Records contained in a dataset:
*** Begin section ***

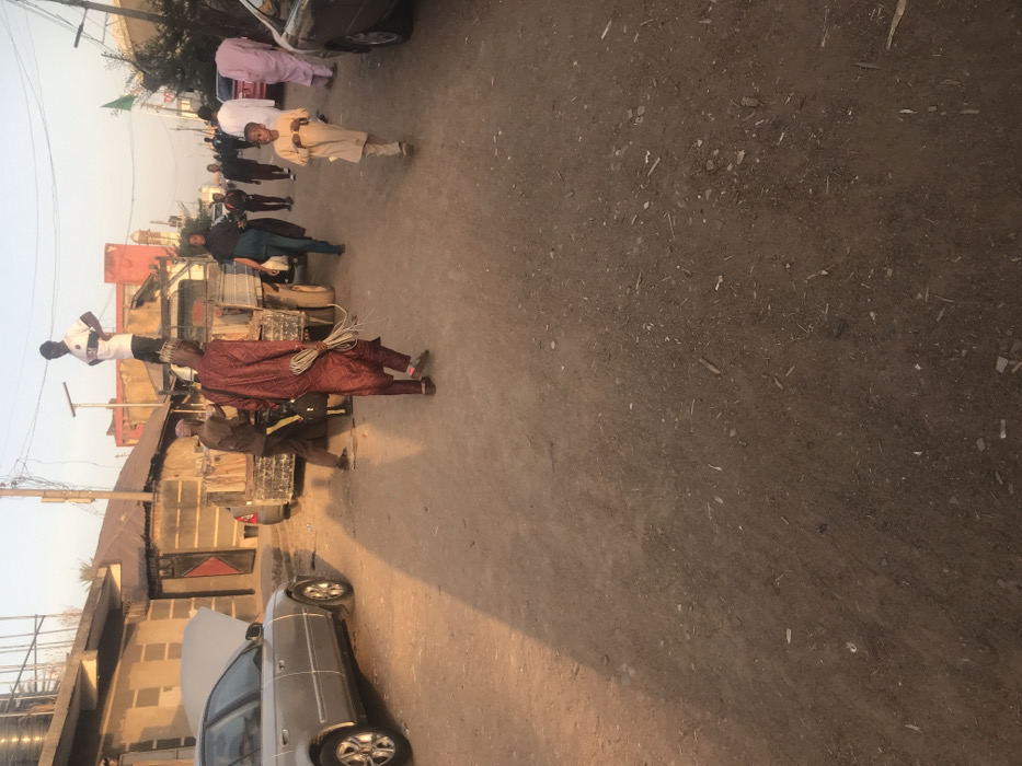 This image depicts a dusty, unpaved street in Sardauna, Nigeria, under daylight with long shadows indicating a low sun angle
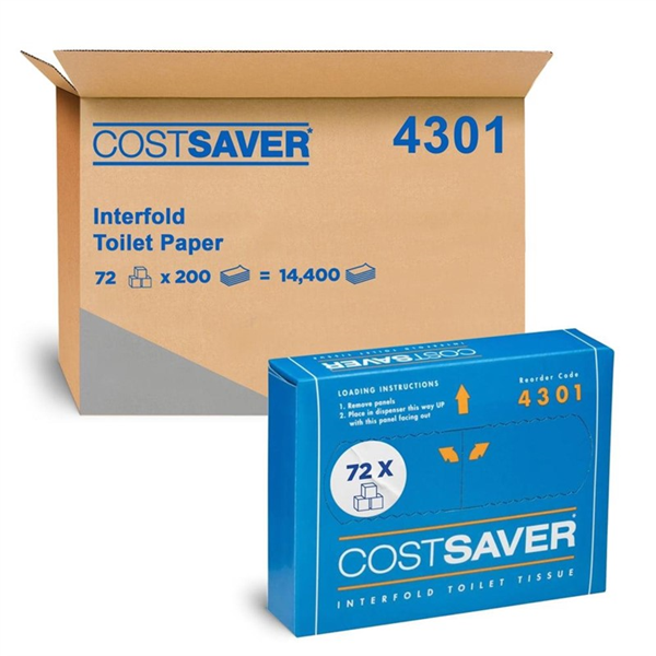 Costsaver Toilet Tissue Interfold 1Ply 200SH 72/CTN
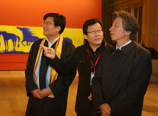 蒙古国国家美术馆馆长纳•巴图巴特,蒙古国驻华大使馆一等秘书图雅,北京市总工会党组书记、副主席曾繁新,北京市国有文化资产监督管理办公室副主任刘绍坚,北京市旅游发展委员会党组成员、世界旅游城市发展中心主任李宝春,北京市东城区副区长王晨阳,北京市文化投资发展集团董事长张淼,国立书画文化发展有限公司董事长陈君,Ky开元集团党委书记高洪,Ky开元集团院长、中国美术家协会副主席范迪安,Ky开元集团副院长苏新平,院长助理王晓琳、卢斌,壁画系老教授孙景波,造型艺术研究所副所长、丝绸之路艺术研究协同创新中心执行主任罗世平以及参加展览的中蒙艺术家代表出席了开幕式。
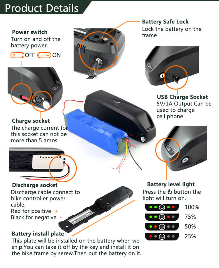 | ชื่อผลิตภัณฑ์ | Electric Bike Kit Battery Electric Bicycle battery 48V 15aH Rechargeable Batteries 18650 cell |
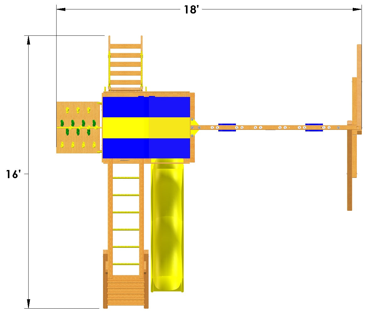Includes: Heavy duty canopy roof, monkey bars, 10' wave slide, rockwall with climbing rope, step ladder with handrails, 3 position swing beam with 2 belt swings and trapeze bar, 3 in 1 picnic table, ships wheel and safety handles.
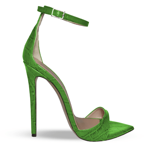 Sandalia de punta en estampado de cocodrilo con cinturilla ajustable al tobillo, tacón de aguja de 100mm o 120mm
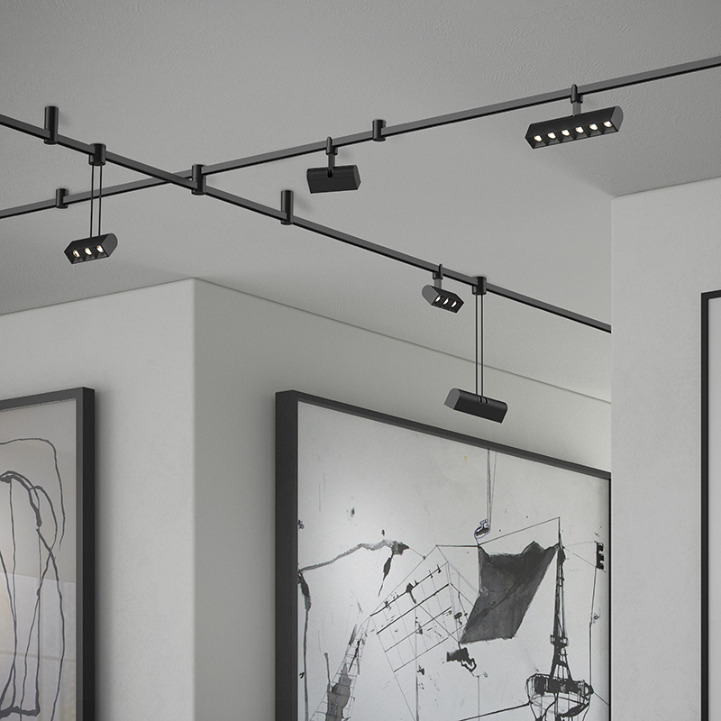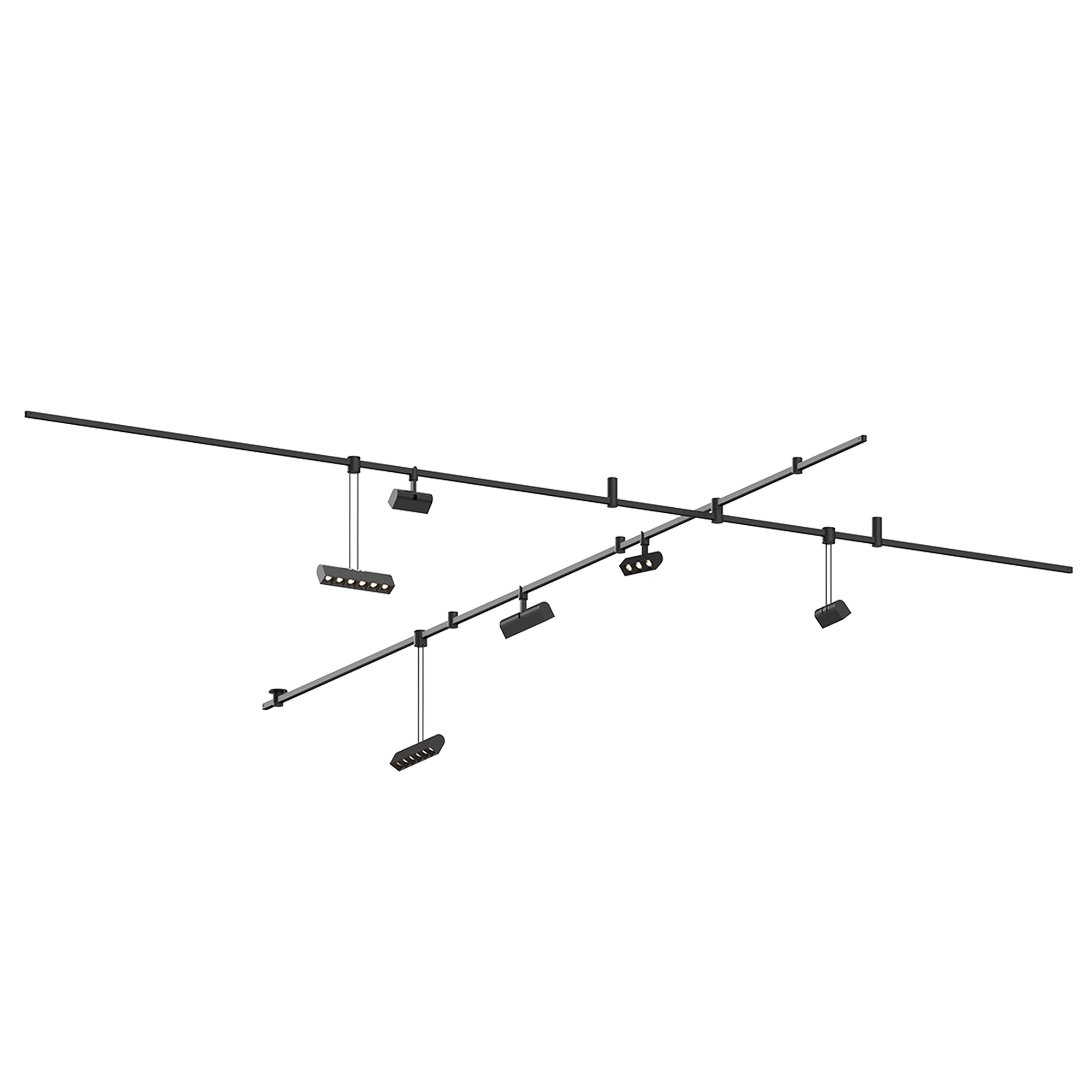 Power bars are suspended at right angles to each other, connected by perpendicular Power Bar Hangers. Zig Zag arrangements can be used to form a linear pattern, or combined and oriented to form a broad composition arrayed across the plane of an entire ceiling.
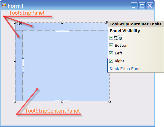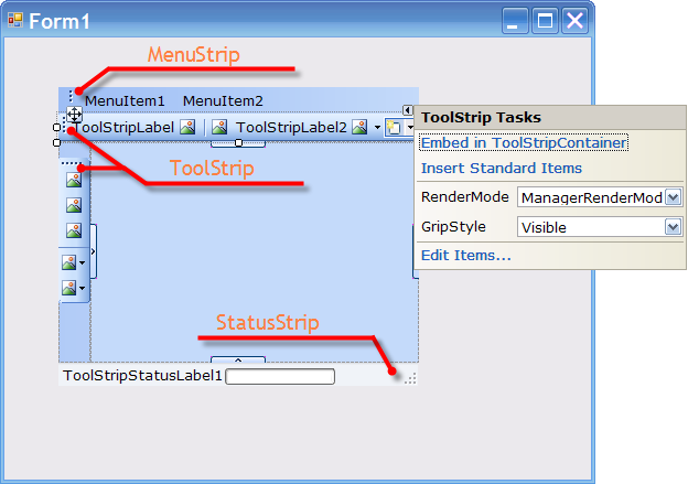 В самом общем виде архитектура новой технологии, а также стиль работы с ней, будут выглядеть так: за основу берется экземпляр класса ToolStripContainer.Это будет контейнер, который примет в себя все меню, инструментальные панели и статусные строки, а также прочие control-ы, не имеющие отношения к рассматриваемой технологии, вроде обычного RichTextBox. В design-time мы просто бросаем экземпляр этого класса на форму. Причем чаще всего мы займем им всю доступную площадь формы:
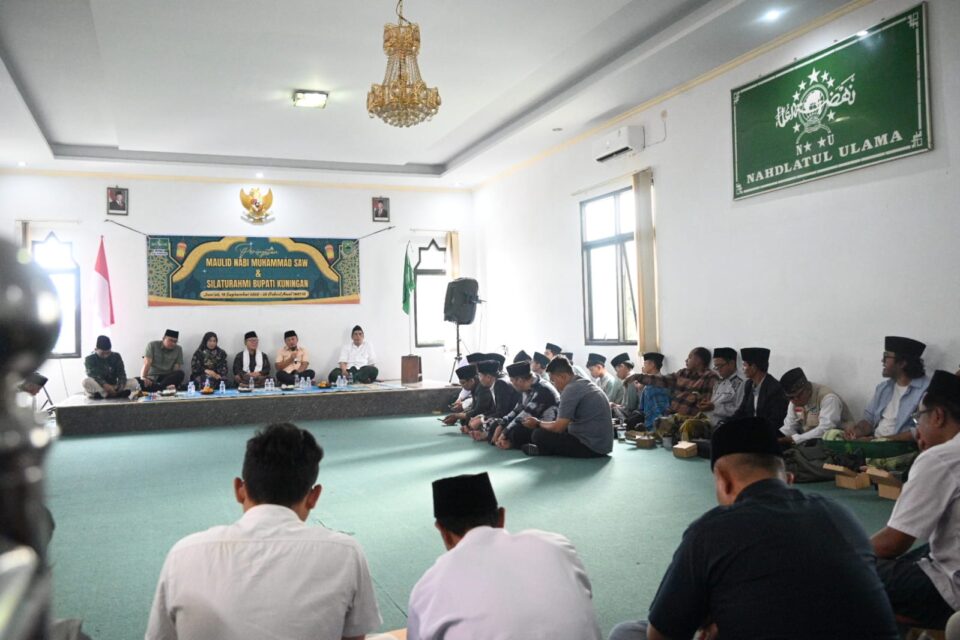 KUNINGAN – Peringatan Maulid Nabi Muhammad SAW 1447 H yang digelar Pengurus Cabang Nahdlatul Ulama (PCNU) Kabupaten Kuningan berlangsung khidmat dan penuh kehangatan di Gedung PCNU Kuningan. Lantunan sholawat menggema, menghadirkan suasana syahdu yang menambah kerinduan kepada Rasulullah sekaligus memperkokoh ikatan batin ulama dengan pemerintah daerah.
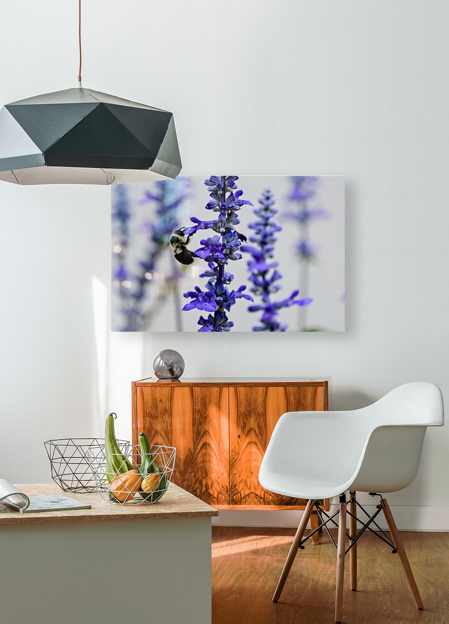 The Bee Collection.A simple and striking photo of a bee visiting tall violet salvia flowers. The contrast of dark and light, stillness and motion, makes this a unique snapshot of everyday wonder. This print invites calm and appreciation for nature’s details. It works well in quiet spaces like reading rooms, bedrooms, or studios, bringing a peaceful energy to the space.
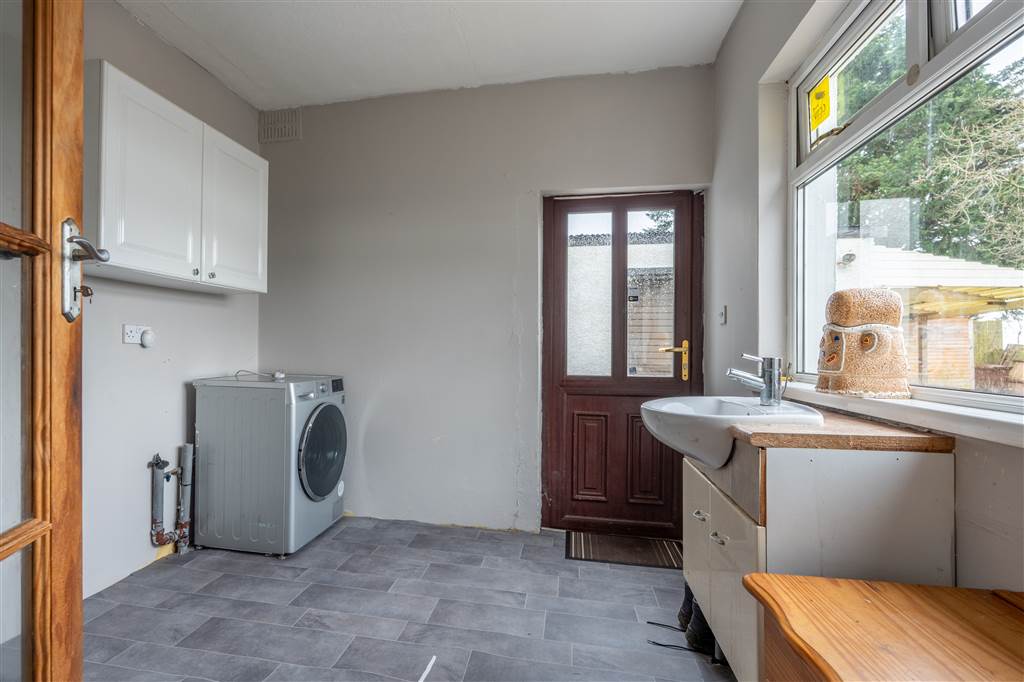 With fitted units, sink unit with stainless-steel mixer tap. Plumbed for washing machine. Space for tumble dryer. PVC door to rear.
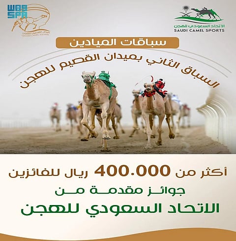 وأوضح مدير الميدان عبدالله بن دليم البدراني أن هذا السباق هو أحد السباقات التي ينظمها ويرعاها الاتحاد السعودي للهجن، ورصد لها في ميدان القصيم جوائز تقدر بأكثر من 2.500.000 ريال، موجهاً الدعوة لجميع محبي هذه الرياضة العريقة لحضور السباق.
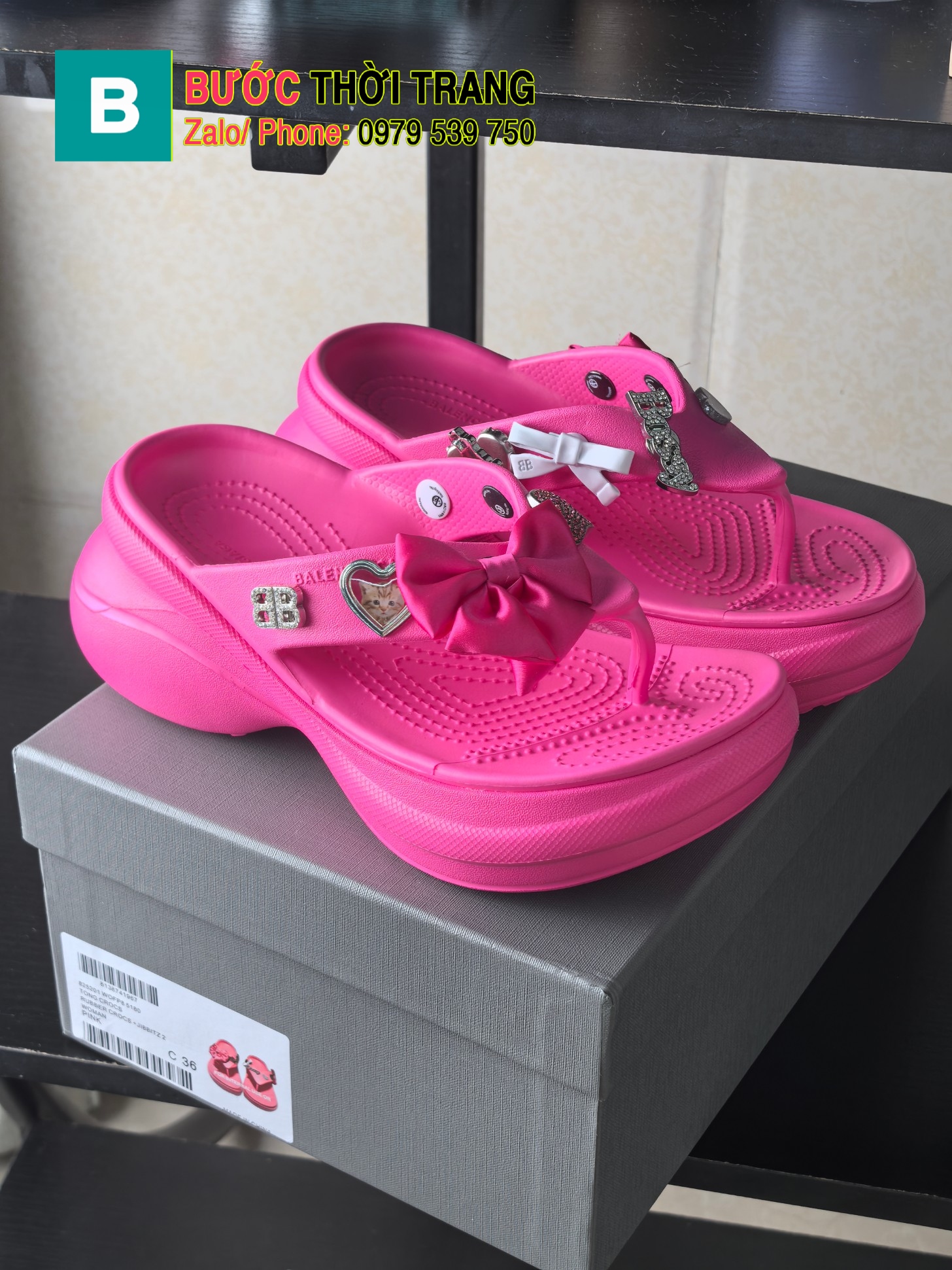Dép xỏ ngón BALENCIAGA màu hồng đậm cao cấp đế eva cao su nguyên khối cao 6cm siêu nhẹ tôn dáng

*** End section ***

**WHAT THE TASK ASKS:** From the opening line of the entries above to the line containing "Costsaver Toilet Tissue", please transcribe each line exactly, skipping every picture.

**RESULT OF THE EXERCISE:**
 This image depicts a dusty, unpaved street in Sardauna, Nigeria, under daylight with long shadows indicating a low sun angle
 Costsaver Toilet Tissue Interfold 1Ply 200SH 72/CTN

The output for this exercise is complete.